Lisa and Dan Verhil's annual chili cook-off generated over $400,000 for local charities over 36 years. Photo via Facebook

Citing “excessive regulations” and fees, a downtown bar owner has canceled his longtime annual charity fundraiser.

Dan Verhil — owner of The Cottage Bar & Restaurant at 18 La Grave Ave. SE in downtown Grand Rapids — said Tuesday his establishment will not host the Cottage Bar Chili Cook-Off this September as planned.

The event was held for 36 years and generated “more than $400,000” for local charities, Verhil said.

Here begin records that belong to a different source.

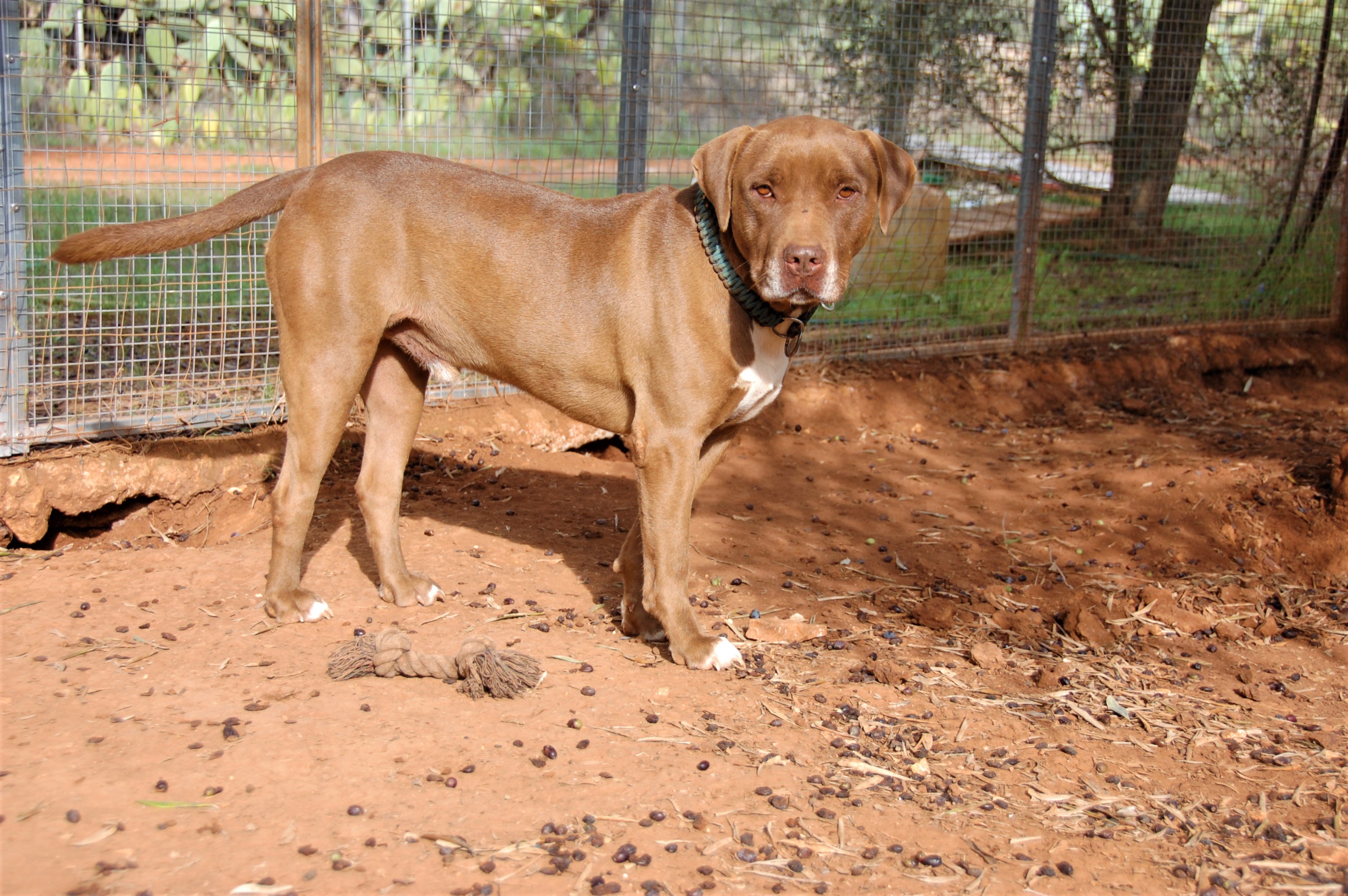 Simone lebte über ein Jahr im städtischen Tierheim in Manduria, wo er so gut wie möglich umsorgt wurde. Doch leider wollte ihn niemand adoptieren und immer wieder war es kurz davor, dass Simone - wegen Überfüllung des Tierheims – ins Canile hätte müssen, aus dem es sicher kein Entkommen mehr für den wunderbaren Rüden gegeben hätte. Mittlerweile hat Simone ein Plätzchen bei Tony im Refugium gefunden und macht sich von hier aus weiter auf die Suche nach einer Familie.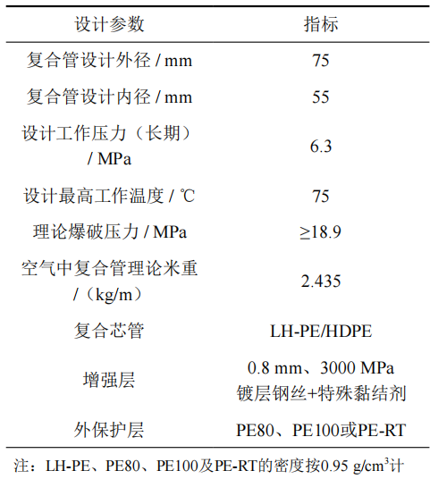 根據長(cháng)慶油田集輸油管道工況,采用鋼絲纏繞增強LH-PE非金屬復合管。該復合管為三層結構,內層為低表面能高分子聚乙烯(LH-PE)復合芯管,起到防結垢、防結蠟、防腐蝕以及流體密封作用;中間增強層由高強度鍍層鋼絲與特殊黏結劑組成,是內壓載荷及軸向載荷的主要承擔者,同時(shí)能夠承擔一定的外壓載荷;外保護層為高密度耐溫聚乙烯,在一定范圍內具有抗劃傷、抗磨損能力,對增強層及整個(gè)復合管起到保護作用。管體結構如圖 2所示。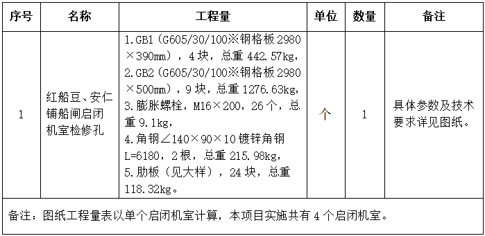 一、采購內(nèi)容:紅船豆、安仁鋪船閘啟閉機(jī)室檢修孔鋼蓋板重新制作及安裝采購,詳見下表,紅船豆、安仁鋪船閘啟閉機(jī)室個(gè)數(shù)共4個(gè),采購總預(yù)算價(jià)為人民幣111800元(單價(jià)不超過27950元/個(gè))。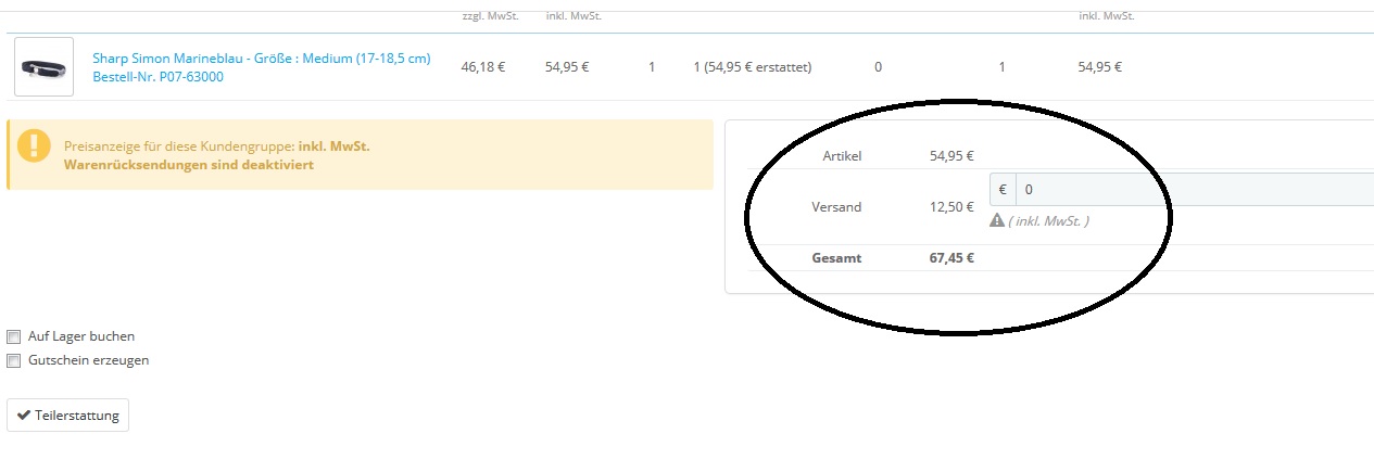 Hallo. Sofern ein Kunde die vollständige Ware zurücksendet, erstatte ich auch die Versandkosten, welche ich für den Versand nach Bestellung vereinnahmt habe. Ich gehe auch davon aus, dass dies so sein muss. Auf der Rückerstattung bzw. auf der Rechnungskorrektur steht jedoch nur der Produktpreis...aber nicht die damaligen Versandkosten als Erstattung. Kann ich dies irgendwo einstellen? Hab leider im Forum nichts gefunden. Danke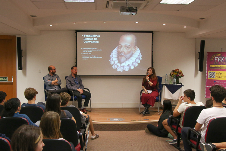 No dia 15 de maio, como parte da programação da Feira do Livro 2025, os alunos do 2.º ano do Programa do Diploma e das turmas A, B e C do 3.º ano do Ensino Médio participaram da mesa-redonda “Traduttore, traditore: labirintos da tradução”, no auditório do Colégio Miguel de Cervantes.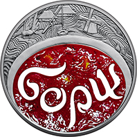 На реверсі монет розміщено стилізовану композицію, що наповнена традиційним українським колоритом та побутом: у центрі зображено тарілку з борщем, що неначе “бурхливе озеро” символізує глибинну українську культуру і традиції, напис – БОРЩ (елемент оздоблення – тамподрук). |

Past beneficiaries included Gilda’s Club Grand Rapids, the American Red Cross and the National Kidney Foundation.

“For most of the years, the city was cooperative and the fees reasonable, but the past two to three years, the fees, requirements, inspections and review boards have gotten ridiculous, and there is no money left to benefit a charity, which was the whole point of the event,” Verhil said.

“Last year, I paid over $2,600 in fees to city, county and state to stage the event and only raised $1,000 to the charity after all was paid for.”

Verhil said the county fee was for a health department license, and the state fee was for licensing the sale of alcohol outdoors.

Evette Pittman, city of Grand Rapids special events supervisor, said Verhil’s fees are the same as what other street parties, downtown events and festivals would pay the city: a permit fee, a road closing fee, a fee for hooding the parking meters and an inspection fee.

“We want to make sure people are safe and have fun,” she said.

Pittman also noted due to a “restructuring” last year, Verhil’s fees for this year were set to decrease by a third, to a total of $575.

“The special event fees cover costs and don’t generate revenue for the city,” Pittman said. “We have 40 new events coming to the city of Grand Rapids, and everyone goes through the same process to obtain a permit.”

Verhil said the city “never gave him a reason” why the fees and “excessive regulations” were in place.

Pittman said the city plans to reach out to Verhil to ensure the event can go forward in the future.

“The city is excited to work with event planners to make sure these events happen,” she said. “We want to be a vibrant city.”

Cottage Bar

Founded as a sandwich shop in 1927 by Earl and Marie Coons, The Cottage Bar & Restaurant says it is “the oldest bar in downtown Grand Rapids” and was the first to get a liquor license after Prohibition ended on Dec. 5, 1933.

The establishment has been in business 91 years, and 2018 is its 51st year of ownership by the Verhil family.